WHAT NEEDS TO BE DONE:
Here the job is to transcribe the data verbatim while leaving each picture out.

DATASET CONTENT:
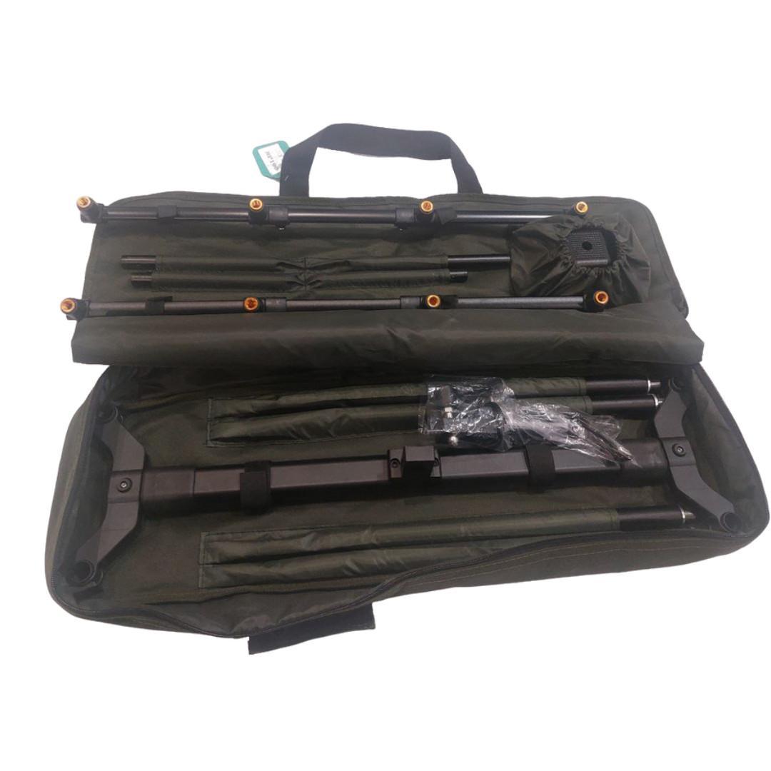 GLADIATOR 153 вирізняється витривалістю, стійкістю до погодних впливів і продуманими деталями, які підвищують комфорт під час використання. Виготовлений із високоякісних матеріалів, род-под здатен витримати навантаження навіть у складних умовах експлуатації. Телескопічні ніжки з труб діаметром 25 мм забезпечують чудову адаптацію до будь-якої місцевості — будь то пісок, трава, гравій чи глина. Висота ніжок регулюється до 63 см, що дозволяє індивідуально налаштувати підставку. Крім того, подовження рами можливе у двох напрямках, а завдяки спеціальному регулятору ви зможете встановити потрібний кут нахилу. Модель оснащена надійними тримачами для вудилищ, які забезпечують їх стабільне положення й захист. У складеному вигляді род-под займає мінімум місця, що зручно для зберігання й транспортування. Зручний чохол із роздільними секціями для кожного елемента гарантує безпечне перевезення всього комплекту. Матеріал рами: нержавіюча сталь з порошковим покриттям, труби діаметром 25х25 та 22х22 мм Можливість регулювати довжину основної рами від 71,5 до 109 см.
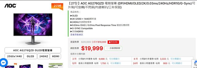 推 Wechael: oled 還240hz 這價格還可以啊 喊貴的是 101.136.36.156 02/05 17:18
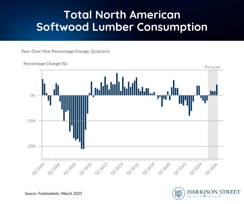 Softwood lumber consumption is expected to rise, supported by suburban migration and new housing starts. For timberland investors, this demand trend offers multiple tailwinds:
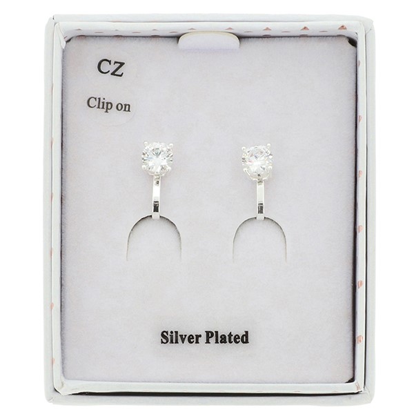 Solitaire Silver Plated Clip On Earrings
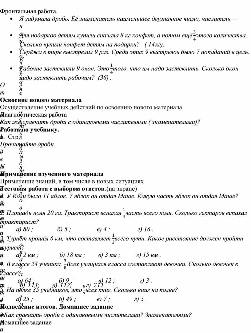 Краткая информация по урокуУрок по предмету «Математика» для 5 класса по теме «Сравнение дробей. Решение задач с практическим содержанием». Комбинированный урок. На уроке предусмотрено использование следующих типов электронных образовательных материалов: «Диагностическая работа».
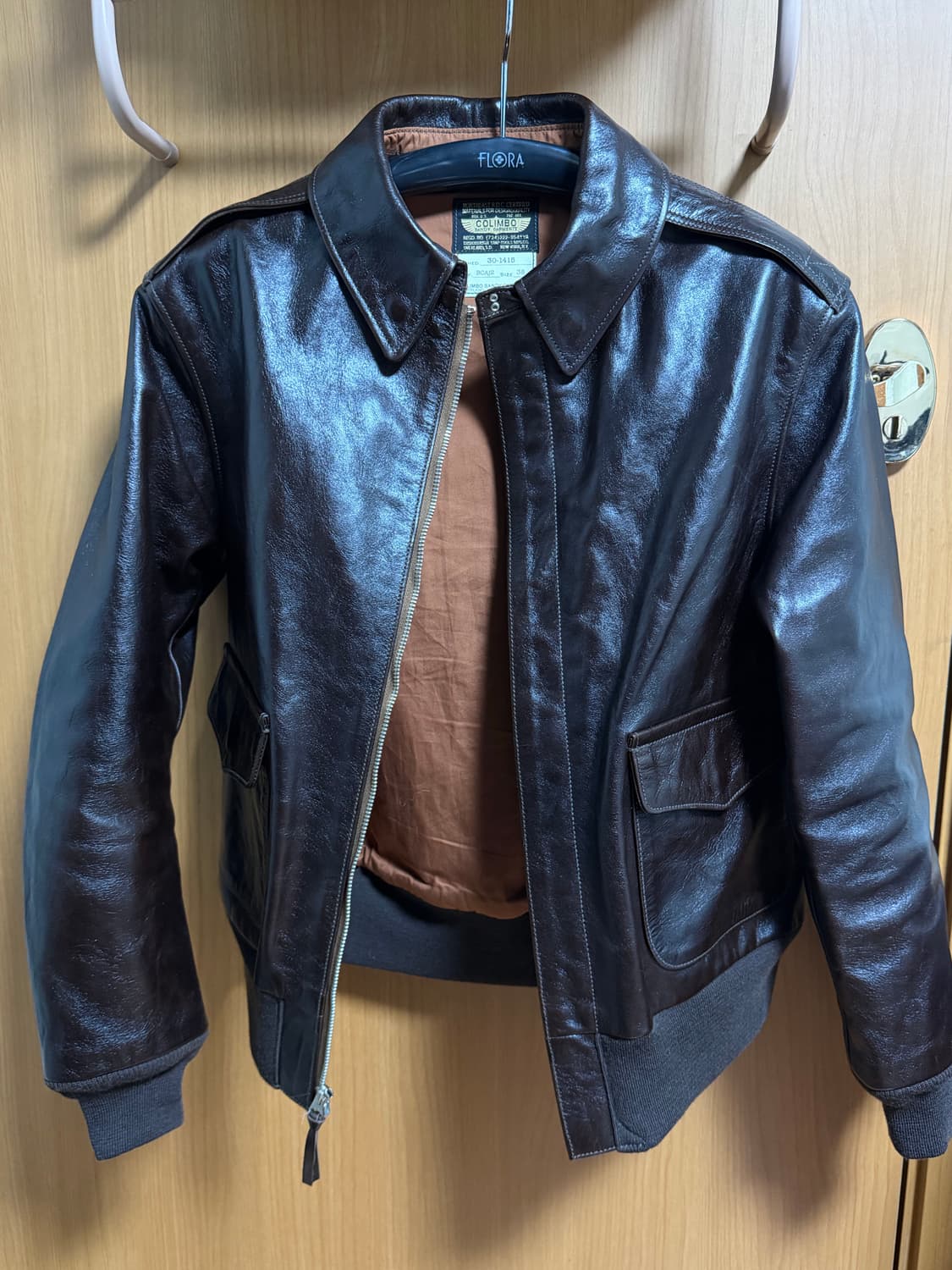콜림보 A-2 자켓(ZX-0155 AAF Flying Aces Leather Jacket) 38사이즈 실 브라운(Seal brown)컬러입니다. 시착했을 때 생긴 약간의 팔주름 외엔 구매한 그대로 새상품입니다. 사이즈 미스로 판매합니다. 국내 편집샵에서 2,580,000원에 판매되었던 제품입니다. 고가 제품이니만큼 직거래 선호합니다. 직거래는 강서구, 마포구(홍대 인근), 고양시 가능합니다. 실측 사이즈 어깨 45, 가슴 52, 팔 54, 총장 61

EXERCISE RESULT:
 GLADIATOR 153 вирізняється витривалістю, стійкістю до погодних впливів і продуманими деталями, які підвищують комфорт під час використання. Виготовлений із високоякісних матеріалів, род-под здатен витримати навантаження навіть у складних умовах експлуатації. Телескопічні ніжки з труб діаметром 25 мм забезпечують чудову адаптацію до будь-якої місцевості — будь то пісок, трава, гравій чи глина. Висота ніжок регулюється до 63 см, що дозволяє індивідуально налаштувати підставку. Крім того, подовження рами можливе у двох напрямках, а завдяки спеціальному регулятору ви зможете встановити потрібний кут нахилу. Модель оснащена надійними тримачами для вудилищ, які забезпечують їх стабільне положення й захист. У складеному вигляді род-под займає мінімум місця, що зручно для зберігання й транспортування. Зручний чохол із роздільними секціями для кожного елемента гарантує безпечне перевезення всього комплекту. Матеріал рами: нержавіюча сталь з порошковим покриттям, труби діаметром 25х25 та 22х22 мм Можливість регулювати довжину основної рами від 71,5 до 109 см.
 推 Wechael: oled 還240hz 這價格還可以啊 喊貴的是 101.136.36.156 02/05 17:18
 Softwood lumber consumption is expected to rise, supported by suburban migration and new housing starts. For timberland investors, this demand trend offers multiple tailwinds:
 Solitaire Silver Plated Clip On Earrings
 Краткая информация по урокуУрок по предмету «Математика» для 5 класса по теме «Сравнение дробей. Решение задач с практическим содержанием». Комбинированный урок. На уроке предусмотрено использование следующих типов электронных образовательных материалов: «Диагностическая работа».
콜림보 A-2 자켓(ZX-0155 AAF Flying Aces Leather Jacket) 38사이즈 실 브라운(Seal brown)컬러입니다. 시착했을 때 생긴 약간의 팔주름 외엔 구매한 그대로 새상품입니다. 사이즈 미스로 판매합니다. 국내 편집샵에서 2,580,000원에 판매되었던 제품입니다. 고가 제품이니만큼 직거래 선호합니다. 직거래는 강서구, 마포구(홍대 인근), 고양시 가능합니다. 실측 사이즈 어깨 45, 가슴 52, 팔 54, 총장 61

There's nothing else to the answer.